** Opening GIVEN INFORMATION block **
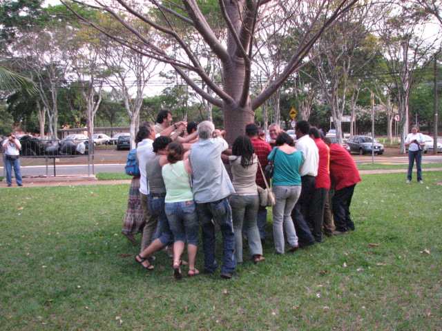 46-Servidores de mãos dadas em volta de uma árvore africana plantada próximo ao prédio da Reitoria da Unicamp |
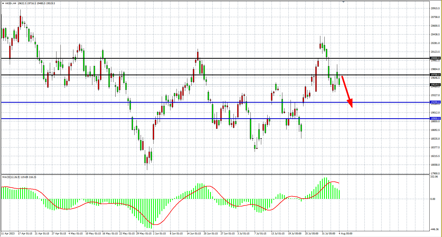 4小时图看,恒指冲高回落,维持19700下走低,MACD量能在零轴上缩减,阻力关注19700,该位之下看19200-18900附近。
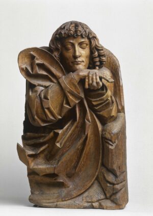 Ce haut-relief de bois avec saint Jean endormi provient probablement d’une composition plus importante illustrant la prière du Christ au mont des Oliviers, scène où sont associés le Christ, à qui un ange présente un calice symbolisant l’acceptation de sa destinée, et trois de ses apôtres, Pierre, Jacques et Jean, qui se sont endormis.
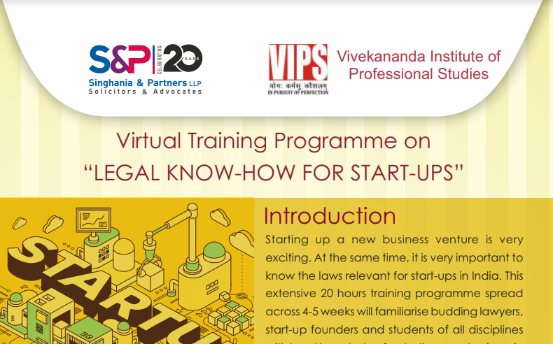 Virtual Training Programme on “Legal Know- How for Startups” by Singhania & Partners LLP in collaboration with Vivekananda Law School, Vivekananda Institute of Professional Studies, Delhi [26th June, 2020 to  31 July 2020.]
** Closing GIVEN INFORMATION block **
▸ **PROBLEM REQUIREMENTS**: Repeat the data exactly as given. Keep every picture out of the copy.

▸ **FINISHED EXERCISE**:
 46-Servidores de mãos dadas em volta de uma árvore africana plantada próximo ao prédio da Reitoria da Unicamp |
 4小时图看,恒指冲高回落,维持19700下走低,MACD量能在零轴上缩减,阻力关注19700,该位之下看19200-18900附近。
 Ce haut-relief de bois avec saint Jean endormi provient probablement d’une composition plus importante illustrant la prière du Christ au mont des Oliviers, scène où sont associés le Christ, à qui un ange présente un calice symbolisant l’acceptation de sa destinée, et trois de ses apôtres, Pierre, Jacques et Jean, qui se sont endormis.
 Virtual Training Programme on “Legal Know- How for Startups” by Singhania & Partners LLP in collaboration with Vivekananda Law School, Vivekananda Institute of Professional Studies, Delhi [26th June, 2020 to  31 July 2020.]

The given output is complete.